Tajirika interrupted him in horror: “No, not that kind of Englishman for me. I told you, I want to be a real Englishman.”
The Wizard of the Crow told him to open his eyes to let the image of the punk vanish.
Now it was Vinjinia’s turn. At first she was excited when the Wizard of the Crow spoke of a woman dressed in fur walking about in the streets of London. Oxford Street. Dean Street. A side street. But the woman was a Soho Square prostitute. Vinjinia screamed in protest, being the Christian that she was.
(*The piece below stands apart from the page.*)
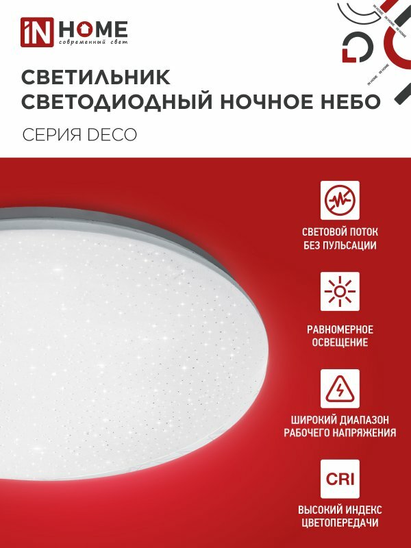 Светильник светодиодный DECO ночное небо 48Вт 4000К 4320лм 230В 380х55мм IN HOME 4690612038650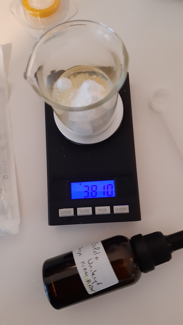 Etape 4: on pèse la raw liquide de Boldo U sur approximativement 3808mg

The Wizard of the Crow then told her to open her eyes to allow the undesirable image to go.
A heated quarrel erupted between husband and wife, each berating the other for their respective choice of image: punk and whore.
The quarrel would have gotten worse, but the Wizard of the Crow intervened, warning them that if they continued fighting like that they would end up a cantankerous English couple. And it would certainly interfere with the emergence of other images that might present far more desirable choices.
The Wizard of the Crow ordered them to close their eyes again. They should try their best to imagine a more harmonious joint image of a ripe old age together.
“The colonial type, like the ones who used to lord over us here in Aburlria,” Tajirika clarified.
“They looked pure white, with their special clubs and attack dogs,” added Vinjinia.
“Lords. Aristocrats. Blue blood,” they agreed.